# Soundbar for monitor/ Laptop ? [low to mid price range ]



## lZKoce (Jan 9, 2016)

Hi all,

I hope you have a great weekend. I've been observing my listening habits and came to the conclusion I want to get a soundbar on/below/side the monitor or laptop screen. I don't want to break the bank, so I would like to ask if some of you have used a fairly priced model. I don't expect wonders from 40 dollars soundbar, so sound quality is not the biggest priority. More like convenience and ease of use.

I saw some low-priced models from Dell: like AX510 , AC511 and other models as well, but those seem to be only compatible with limited range of Dell monitors. It will work of course, but will it fit ?

I see Logitech and Philips make some models as well.

Have you had experience with soundbars for PC ? How did it go ?


----------



## MIRTAZAPINE (Jan 9, 2016)

My only experience from soundbars are those from tvs and their huge. They sound much better than tv speakers. Those soundbars you showed are much more smaller so I don't know how good they sound.

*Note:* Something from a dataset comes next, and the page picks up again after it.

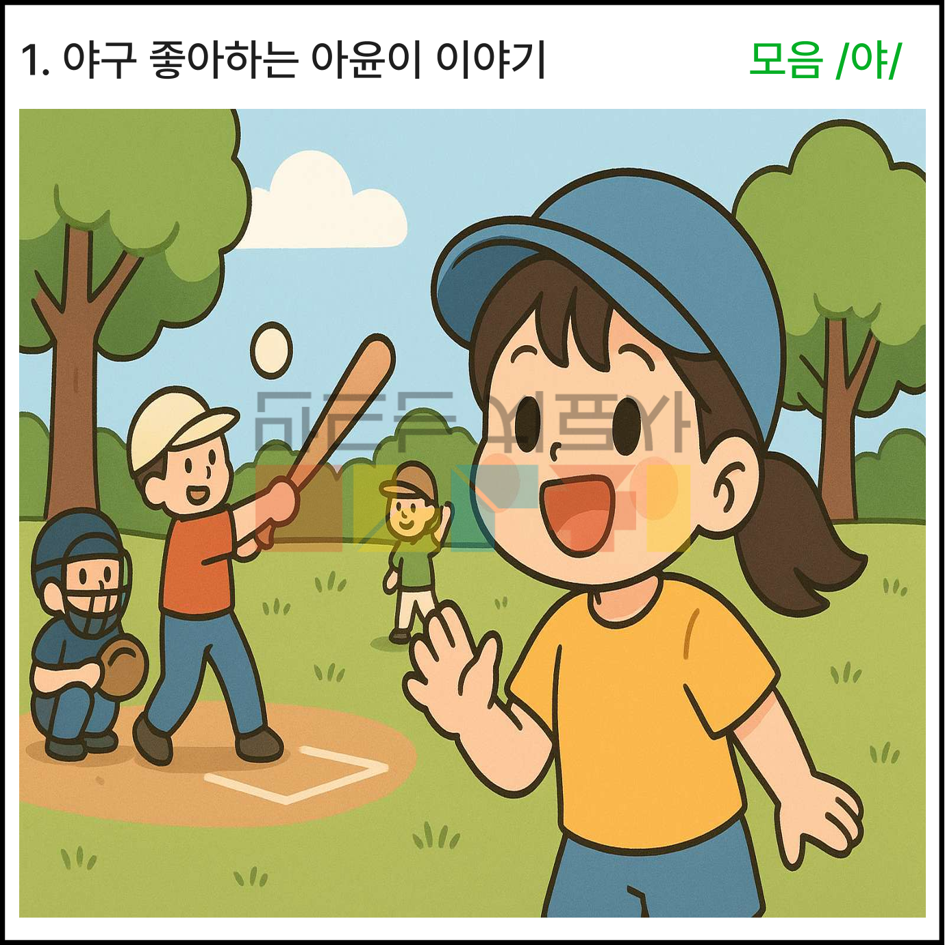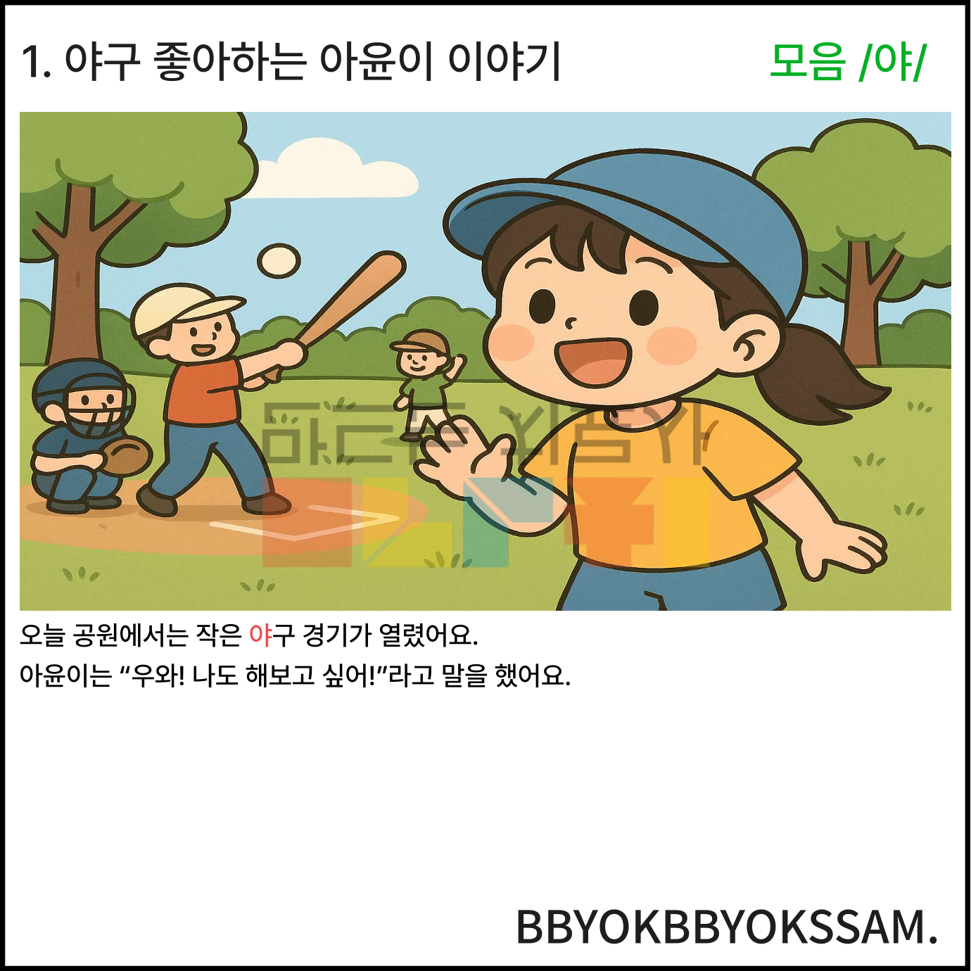모음 /야/와 관련한 상황이야기 5가지로 구성되어있습니다. 각 장면은 5컷 장면으로 구성되어있습니다. 빨간색으로 표시된 글씨가 목표 음소입니다

Have you considered normal bookshelves speaker instead? They should give you better sound since you said you want them at the side of the screen.


----------



## P4-630 (Jan 9, 2016)

I would recommend a speaker system with subwoofer, not expensive and very good sound:
I got this set for my laptop:





http://www.logitech.com/en-us/product/speaker-system-z323?crid=47

Edit: If you want just one speaker, I'd look into Bose speakers, they might not be cheap but the sound is good, we have a Bose Solo under the tv, very happy with it.


----------



## jboydgolfer (Jan 9, 2016)

i must have 2 or 3 new or VERY close to new speaker sets that are small enough, or near enough to the size to be used with a ...

I just saw your in bulgaria, nevermind. i would personally go for a left and right speaker, and call it there. maybe even wireless for ease of use.


----------



## lZKoce (Jan 9, 2016)

MIRTAZAPINE said:


> you said you want them at the side of the screen.



I meant to side-mounted soundbar 



P4-630 said:


> I would recommend a speaker system with subwoofer, not expensive and very good sound:
> I got this set for my laptop:
> 
> Edit: If you want just one speaker, I'd look into Bose speakers, they might not be cheap but the sound is good, we have a Bose Solo under the tv, very happy with it.



Thank you for the support, but I mislead you with not enough details. I have 2.1 system, not as good as Z323, but still available to me [ Creative T3130 + Creative X-fi go pro as a sound card ]. 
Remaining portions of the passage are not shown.